══ DATASET CONTENT

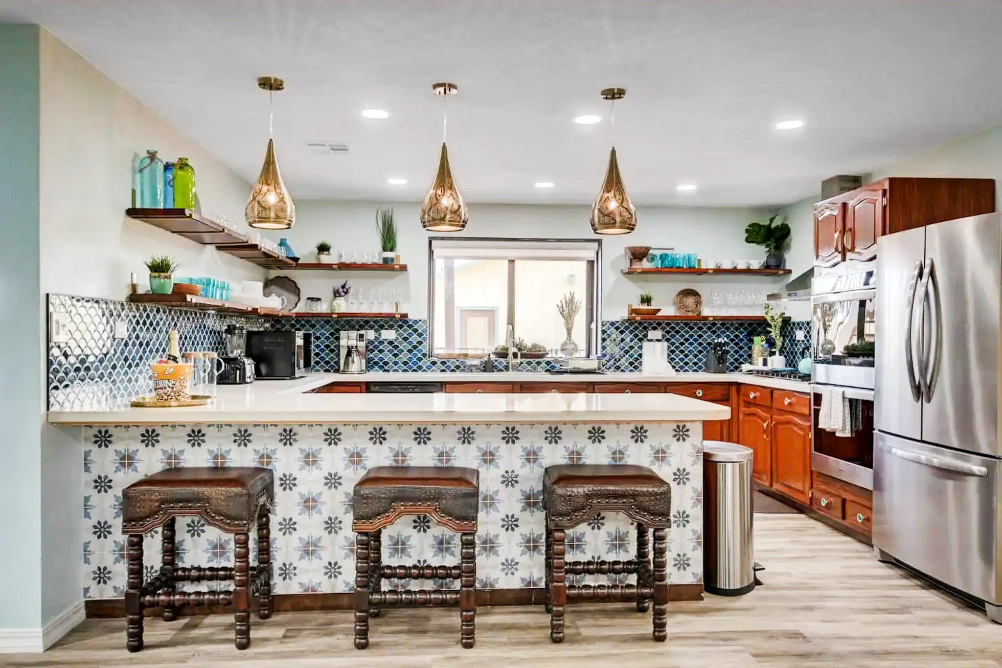 The open-concept kitchen is a pop of vibrant color in the middle of the home. It’s packed with essentials and gadgets to help you prepare and cook meals for a hungry group. The open shelves are lined with glasses and dishware, and you’ll find more utensils in the cherry oak-colored cabinets.
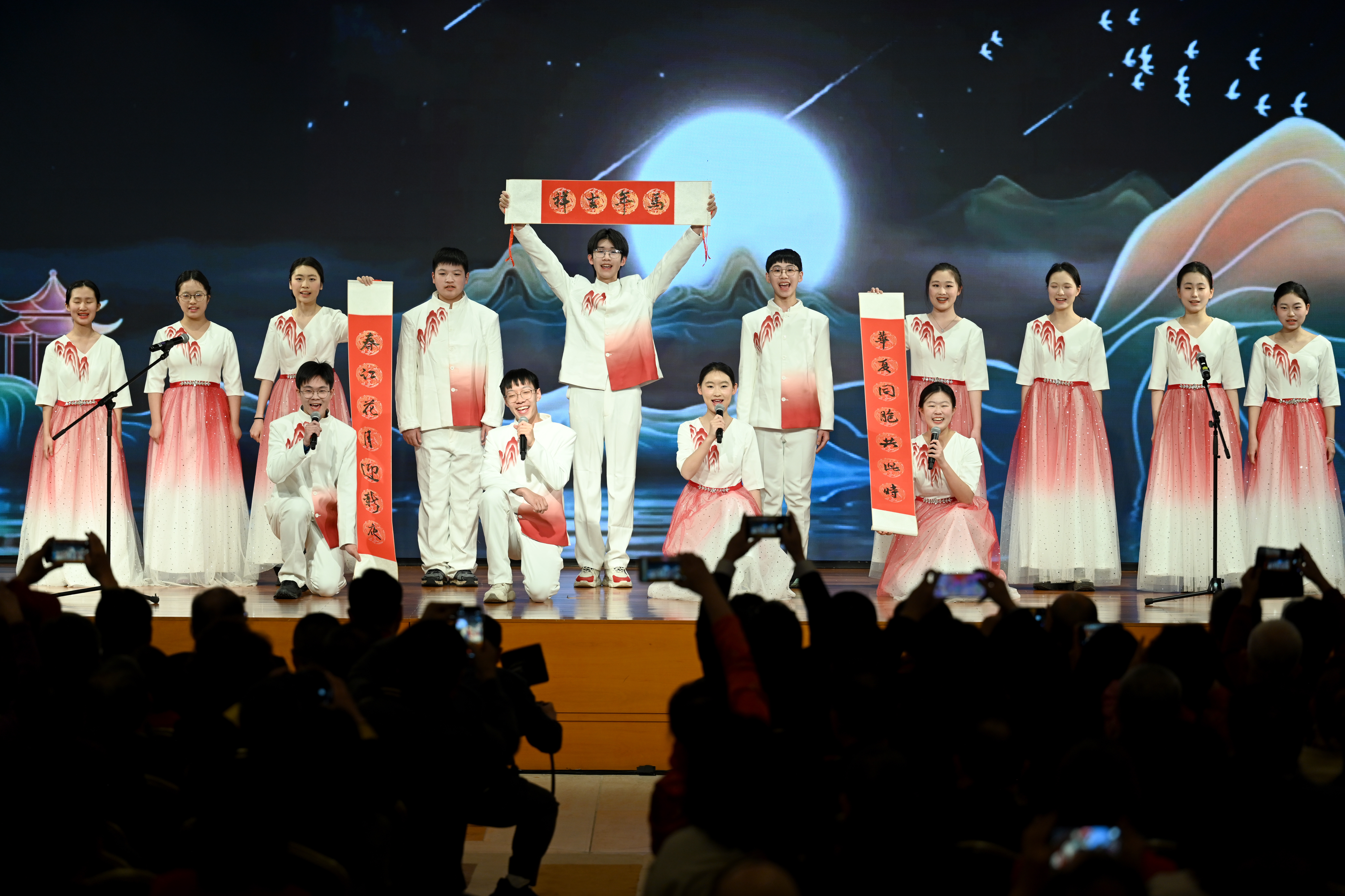 当地时间2月6日,华盛顿,中国驻美大使馆举办“温暖迎春·共庆中国年”侨学界专场新春招待会。图为赴美参访的上海市卢湾高级中学学生代表表演诗朗诵。中新社记者 陈孟统 摄
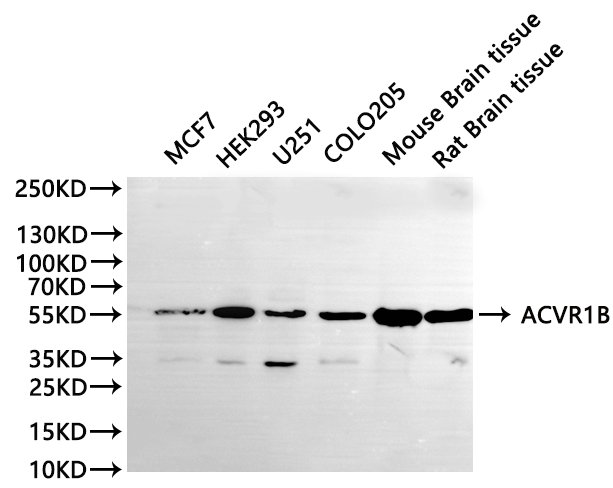 All lanes: ACVR1B antibody at 1:1000

════

AIM OF THE EXERCISE
Reproduce the material above in full and without alteration, but skip all pictures.

FINISHED EXERCISE
 The open-concept kitchen is a pop of vibrant color in the middle of the home. It’s packed with essentials and gadgets to help you prepare and cook meals for a hungry group. The open shelves are lined with glasses and dishware, and you’ll find more utensils in the cherry oak-colored cabinets.
 当地时间2月6日,华盛顿,中国驻美大使馆举办“温暖迎春·共庆中国年”侨学界专场新春招待会。图为赴美参访的上海市卢湾高级中学学生代表表演诗朗诵。中新社记者 陈孟统 摄
 All lanes: ACVR1B antibody at 1:1000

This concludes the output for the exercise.